The #1 question people ask about running AI locally: how much VRAM do I need? Here’s the simple answer.
The formula
At Q4 quantization (what most people use):
VRAM needed ≈ model parameters × 0.5-0.7 GB per billion
Plus ~1-2GB overhead for the inference engine and context.
VRAM chart
| Model size | VRAM needed (Q4) | Example models | Example GPUs |
|---|---|---|---|
| 0.5-1B | 2GB | Qwen3.5-0.8B | Any device |
| 3-4B | 4-5GB | Qwen3.5-4B, Phi-3 Mini | 8GB laptop |
| 7-9B | 6-8GB | Qwen3.5-9B, Llama 3.2 7B, DeepSeek R1 7B | 8GB GPU, 16GB Mac |
| 14-15B | 10-12GB | DeepSeek Coder V2 Lite, MiMo-V2-Flash | RTX 3060 12GB |
| 22-24B | 14-16GB | Codestral, Mistral Small | RTX 4070 Ti 16GB |
| 27-32B | 18-24GB | Qwen3.5-27B, Qwen 2.5 Coder 32B | RTX 4090 24GB |
| 70B | 35-45GB | Llama 3.3 70B | 48GB Mac Pro, A6000 |
| 120-130B | 60-80GB | Qwen3.5-122B-A10B | 64GB+ Mac, multi-GPU |
| 400B+ | 150-214GB | Qwen3.5-397B, DeepSeek V3 | 192GB Mac Ultra, multi-A100 |
MoE models use less VRAM than you’d think
Mixture-of-Experts models have a large total parameter count but only activate a fraction per token. However, you still need to load the full model into memory.

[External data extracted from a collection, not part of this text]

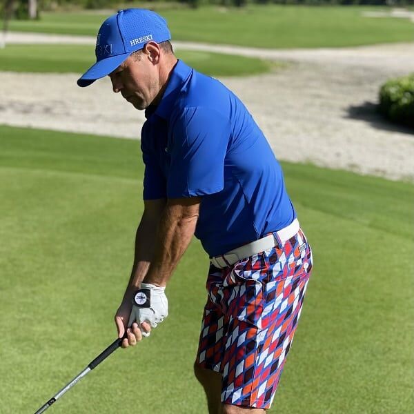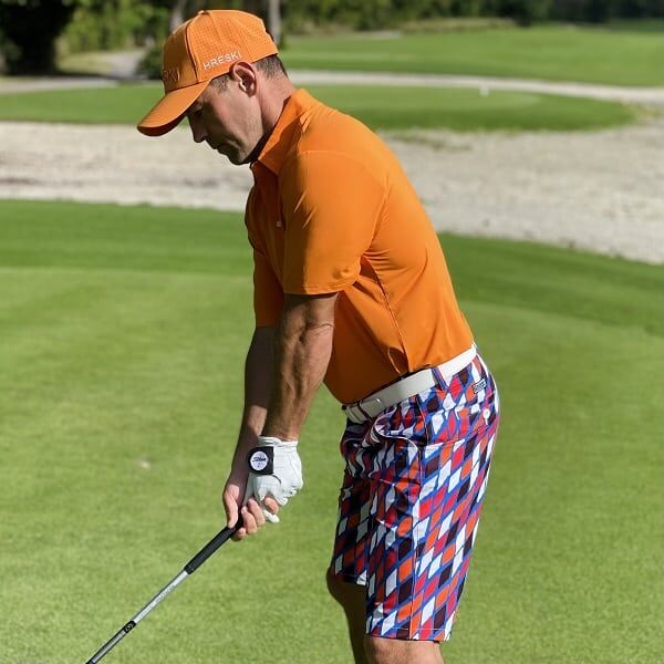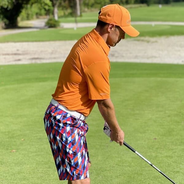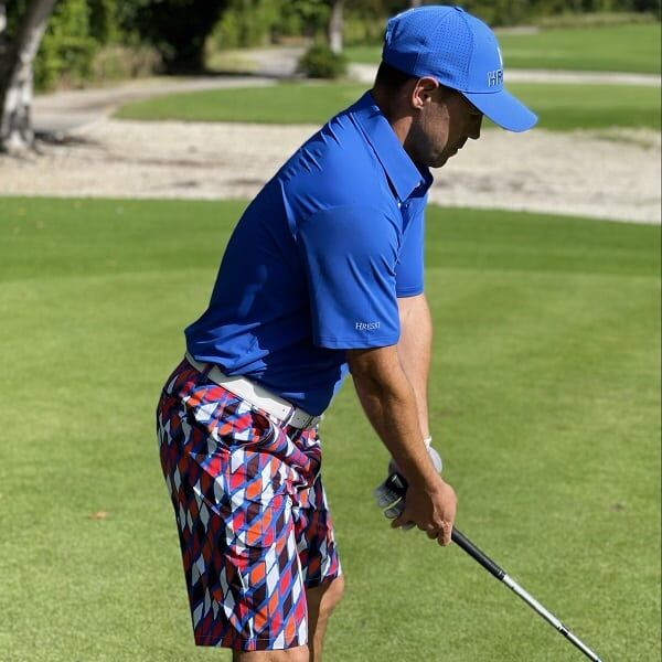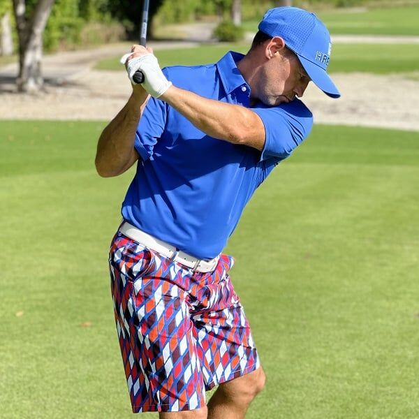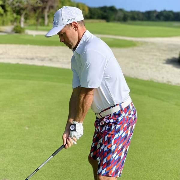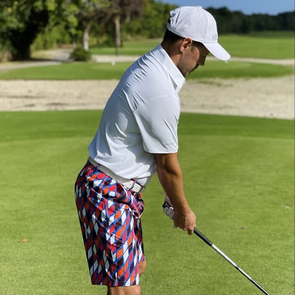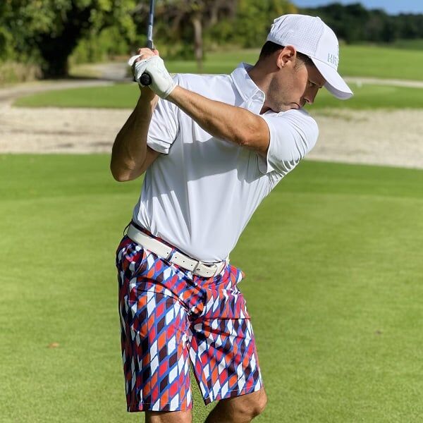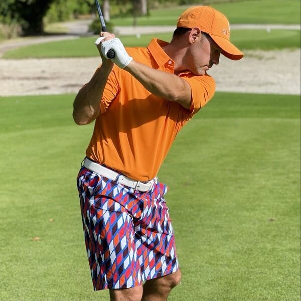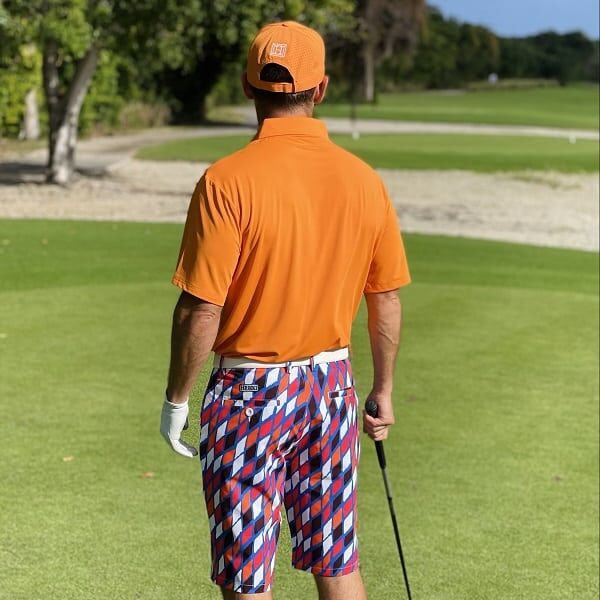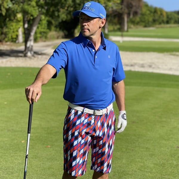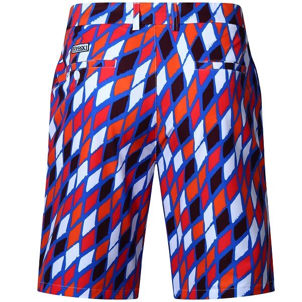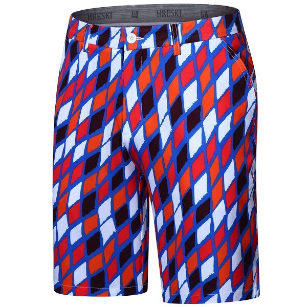 Red, Orange, Black and White Diamonds on Blue Background Golf Shorts – Hreski 189
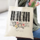 Bolsa Tote música piano rosas em folhagem cinza
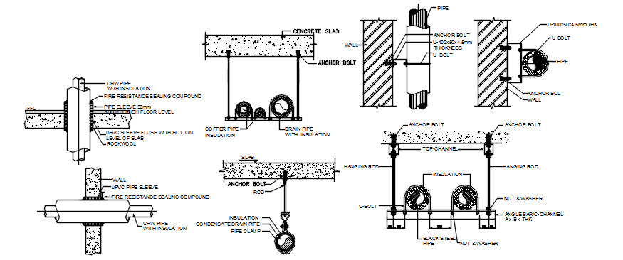 Autocad drawing of plumbing detail it includes drainage pipe, chilled water pipe details,etc
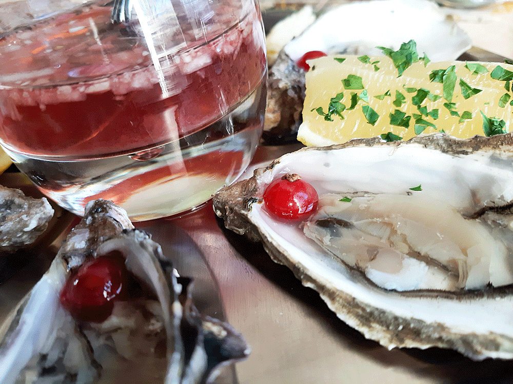 • 1 douzaine d’huîtres : ici « Pied de Cheval » de Cancale, fines et charnues
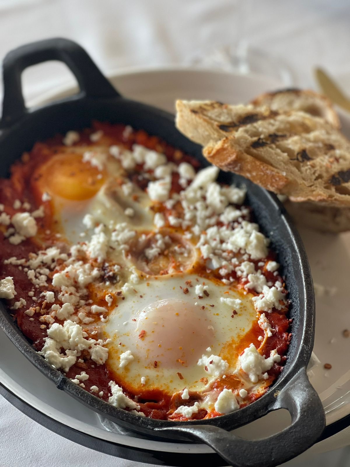 Ξεκίνα τη μέρα σου με τα αβγά Shakshouka που θα σε κάνουν να δεις το brunch αλλιώς. Τα αβγά Shakshouka ποσάρονται μέσα σε πικάντικη σάλτσα ντομάτας, αρωματισμένα με μπαχαρικά, ισπανικό λουκάνικο και ελληνική φέτα, ένα twist που θα λατρέψεις! Σερβίρονται ζεστά, δίπλα σε προζυμένιο φρεσκο ψωμί, και θα σου φτιάξουν τη μέρα!
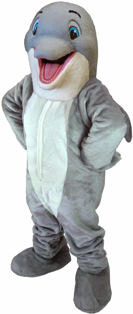 This cheerful dolphin mascot will make you feel like doing flips for joy! Happy Dolphin Mascot is gray with a white underbelly and has a friendly face with bright blue eyes. Comes complete with head, body, hands and Feet.
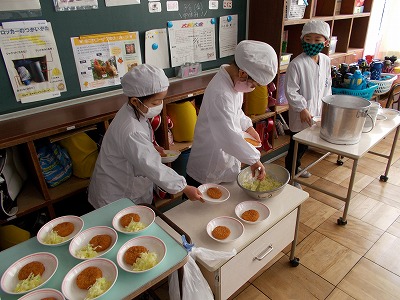当番で協力して配膳をしています。
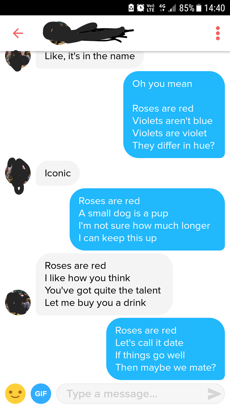 And its a sign of the times. Roses are red violets are blue Instagram is down the Facebook will do. WasterofTime messaged a Tinder match using a bit of original poetry.
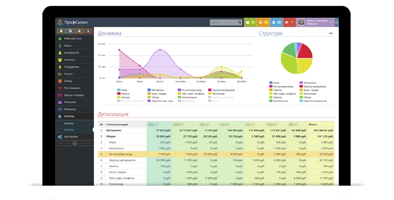 Также в ПрофСалоне есть бесплатная управленческая панель, ведение плана и сквозной поиск показателей в отчетах».
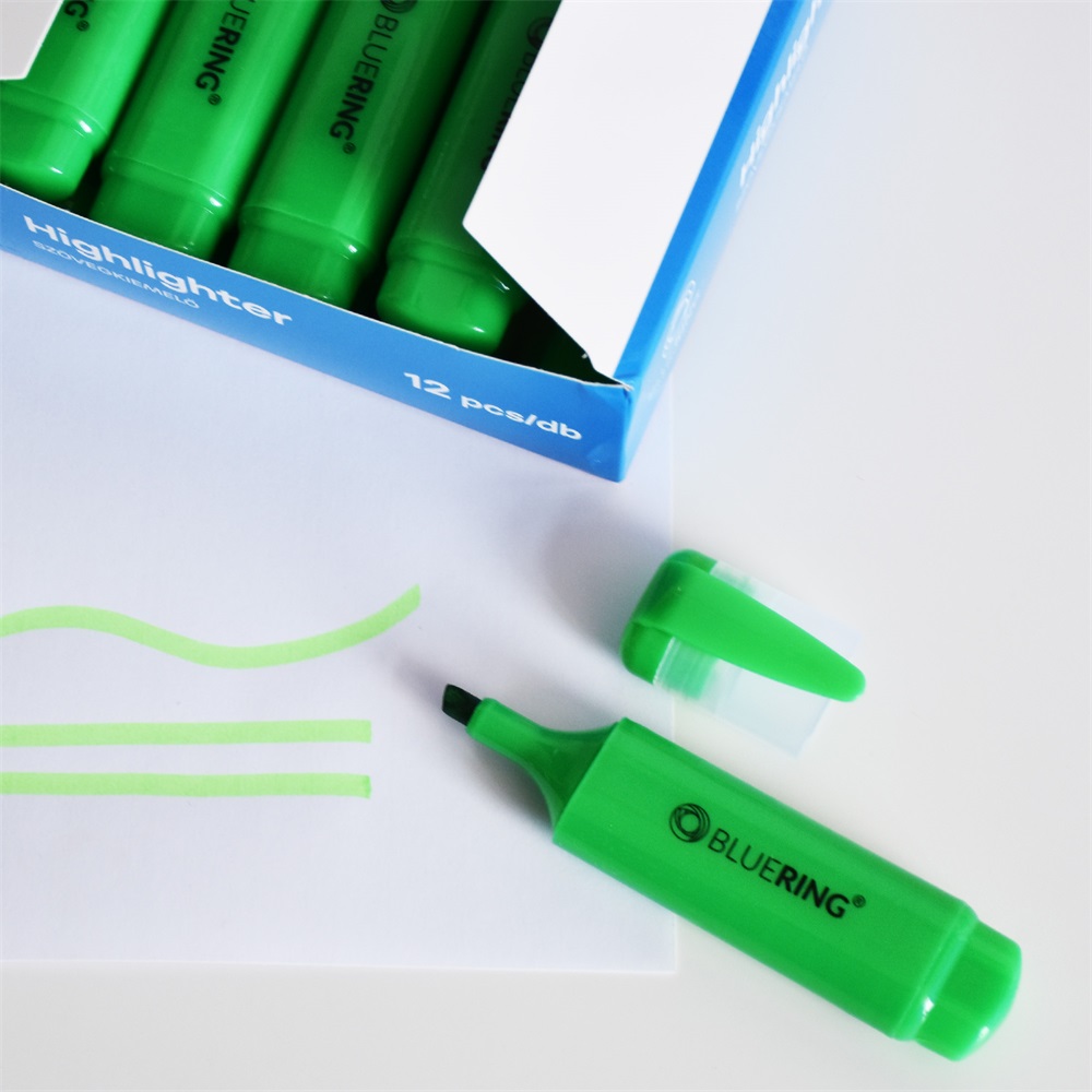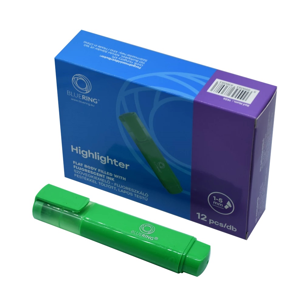 Speciális fluoreszkáló festékkel töltött szövegkiemelő. A kiemelt szöveg fénymásolható,faxolható. Klippel ellátott kupak, mely légmentesen zár. Festék színével megegyező kupak és testszín. Vágott csúccsal, 5 féle élénk színben és 2 féle készletben.Vonalvastagság: 1-2 mm (íróhegy élével), 3-5 mm (íróhegy lapjával). 12 db/doboz, 144 db/gyűjtő, 864 db/karton Katalóguskód: 1426

| Model | Total params | Active params | VRAM needed (Q4) |
|---|---|---|---|
| MiMo-V2-Flash | 309B | 15B | ~12-16GB |
| Qwen3.5-35B-A3B | 35B | 3B | ~8GB |
| Qwen3.5-397B | 397B | 17B | ~214GB |
| DeepSeek V3 | 671B | 37B | ~80-100GB |
| Llama 4 Maverick | 400B | 17B | ~60-80GB |
The VRAM requirement is based on total parameters, not active parameters. You need to fit the whole model in memory even though only a fraction runs per token.
Context window affects VRAM too
Longer context = more VRAM. The KV cache grows with context length.
Approximate additional VRAM for context (on a 9B model):
- 4K context: +0.5GB
- 8K context: +1GB
- 32K context: +4GB
- 128K context: +16GB
This is why a model that “fits” in 8GB VRAM at 4K context might not fit at 32K context. Start with smaller context and increase until you hit your VRAM limit.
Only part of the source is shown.